PROBLEM REQUIREMENTS ->
For the records below, output word for word the lines from the one with "8月30日,在美国芝加哥,家长在开学日给孩子拍照。" up to and including the one with "通过命令查看 NAT会话信息 dis". No pictures.

EXERCISE INPUTS ->
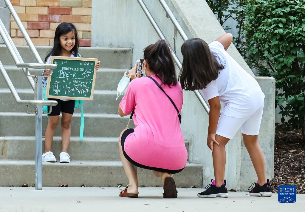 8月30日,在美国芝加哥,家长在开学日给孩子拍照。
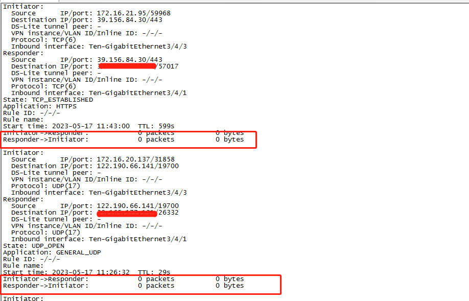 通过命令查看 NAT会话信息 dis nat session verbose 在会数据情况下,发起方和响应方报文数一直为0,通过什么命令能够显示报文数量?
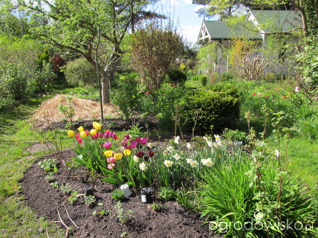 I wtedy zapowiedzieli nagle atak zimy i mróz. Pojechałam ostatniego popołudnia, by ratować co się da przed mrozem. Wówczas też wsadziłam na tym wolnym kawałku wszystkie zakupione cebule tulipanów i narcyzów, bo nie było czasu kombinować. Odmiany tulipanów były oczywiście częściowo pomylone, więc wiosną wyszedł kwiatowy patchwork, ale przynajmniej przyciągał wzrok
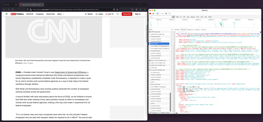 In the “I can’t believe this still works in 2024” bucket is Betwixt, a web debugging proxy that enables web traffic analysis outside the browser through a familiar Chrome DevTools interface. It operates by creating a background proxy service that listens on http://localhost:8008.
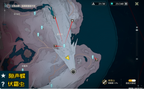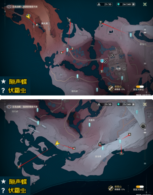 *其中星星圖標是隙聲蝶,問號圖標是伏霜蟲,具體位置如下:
---
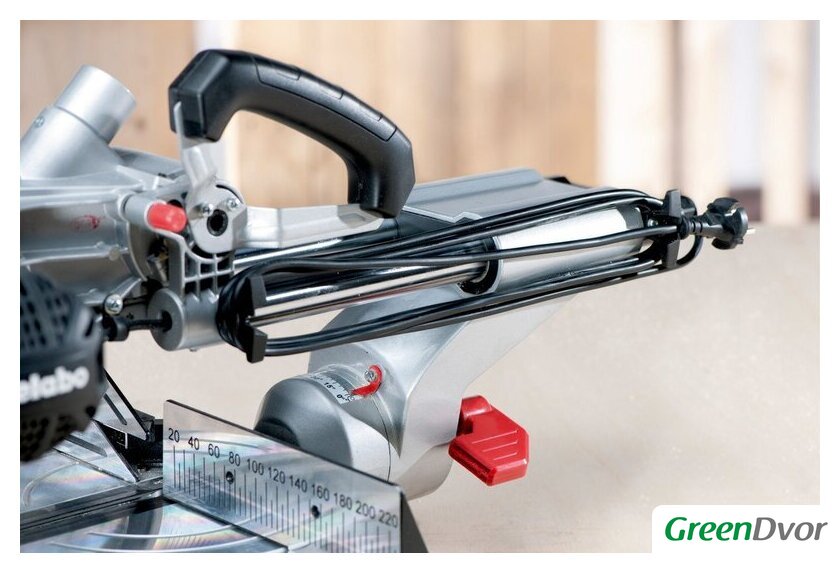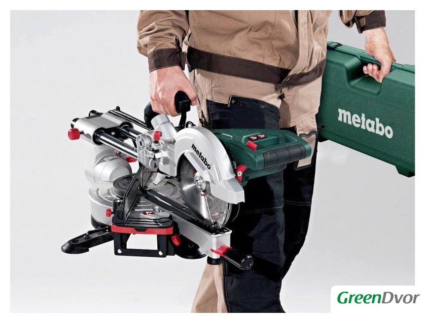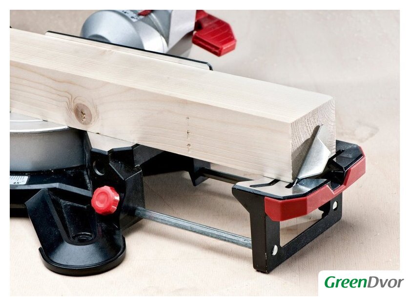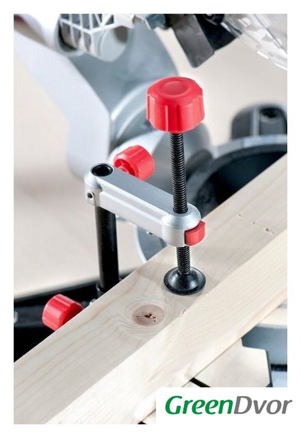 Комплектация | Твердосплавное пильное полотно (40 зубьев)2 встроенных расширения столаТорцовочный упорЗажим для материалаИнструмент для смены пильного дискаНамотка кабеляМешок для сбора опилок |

THE COMPLETED TASK ->
 8月30日,在美国芝加哥,家长在开学日给孩子拍照。
 通过命令查看 NAT会话信息 dis nat session verbose 在会数据情况下,发起方和响应方报文数一直为0,通过什么命令能够显示报文数量?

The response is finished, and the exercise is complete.